BEGIN Data extracts

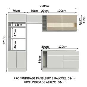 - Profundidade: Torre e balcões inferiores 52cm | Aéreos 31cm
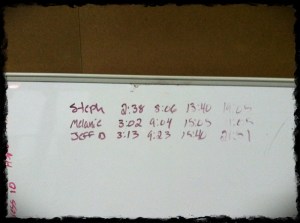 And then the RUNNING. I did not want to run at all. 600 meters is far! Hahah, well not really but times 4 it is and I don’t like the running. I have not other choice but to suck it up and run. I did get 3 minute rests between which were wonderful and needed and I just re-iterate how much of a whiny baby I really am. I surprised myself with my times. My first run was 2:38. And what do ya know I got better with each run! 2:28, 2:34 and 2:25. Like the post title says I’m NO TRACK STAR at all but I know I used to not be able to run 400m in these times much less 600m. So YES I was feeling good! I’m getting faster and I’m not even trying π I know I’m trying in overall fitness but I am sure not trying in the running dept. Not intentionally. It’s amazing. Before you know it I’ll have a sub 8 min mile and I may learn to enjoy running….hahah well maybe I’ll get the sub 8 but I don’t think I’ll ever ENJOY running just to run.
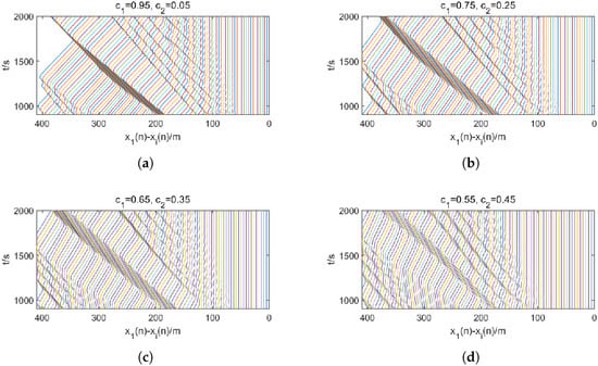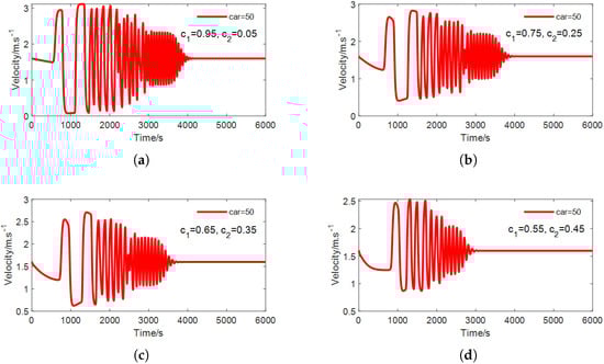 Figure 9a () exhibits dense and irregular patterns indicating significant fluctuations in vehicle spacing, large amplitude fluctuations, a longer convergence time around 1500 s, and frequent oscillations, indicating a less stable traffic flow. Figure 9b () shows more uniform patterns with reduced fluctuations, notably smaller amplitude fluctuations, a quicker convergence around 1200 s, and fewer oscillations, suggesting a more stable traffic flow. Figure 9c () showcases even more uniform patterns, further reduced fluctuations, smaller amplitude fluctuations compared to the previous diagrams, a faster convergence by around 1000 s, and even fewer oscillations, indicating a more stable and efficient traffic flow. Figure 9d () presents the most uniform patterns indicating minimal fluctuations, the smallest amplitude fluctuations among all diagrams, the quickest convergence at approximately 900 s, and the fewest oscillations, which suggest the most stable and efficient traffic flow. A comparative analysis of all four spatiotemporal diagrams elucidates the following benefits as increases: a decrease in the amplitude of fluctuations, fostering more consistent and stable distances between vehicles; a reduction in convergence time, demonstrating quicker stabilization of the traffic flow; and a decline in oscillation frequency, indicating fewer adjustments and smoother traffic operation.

END Data extracts
BEGIN Data extracts

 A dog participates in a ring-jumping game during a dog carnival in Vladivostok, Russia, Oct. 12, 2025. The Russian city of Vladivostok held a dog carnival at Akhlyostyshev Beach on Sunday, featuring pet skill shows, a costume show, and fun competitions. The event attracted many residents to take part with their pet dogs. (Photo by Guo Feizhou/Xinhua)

END Data extracts

Exercise goal:
Given the records above, return the lines starting at the one that holds "- Profundidade: Torre" and ending at the one that holds "And then the", exactly, and nothing besides; leave every picture out.

Response to this task:
 - Profundidade: Torre e balcões inferiores 52cm | Aéreos 31cm
 And then the RUNNING. I did not want to run at all. 600 meters is far! Hahah, well not really but times 4 it is and I don’t like the running. I have not other choice but to suck it up and run. I did get 3 minute rests between which were wonderful and needed and I just re-iterate how much of a whiny baby I really am. I surprised myself with my times. My first run was 2:38. And what do ya know I got better with each run! 2:28, 2:34 and 2:25. Like the post title says I’m NO TRACK STAR at all but I know I used to not be able to run 400m in these times much less 600m. So YES I was feeling good! I’m getting faster and I’m not even trying π I know I’m trying in overall fitness but I am sure not trying in the running dept. Not intentionally. It’s amazing. Before you know it I’ll have a sub 8 min mile and I may learn to enjoy running….hahah well maybe I’ll get the sub 8 but I don’t think I’ll ever ENJOY running just to run.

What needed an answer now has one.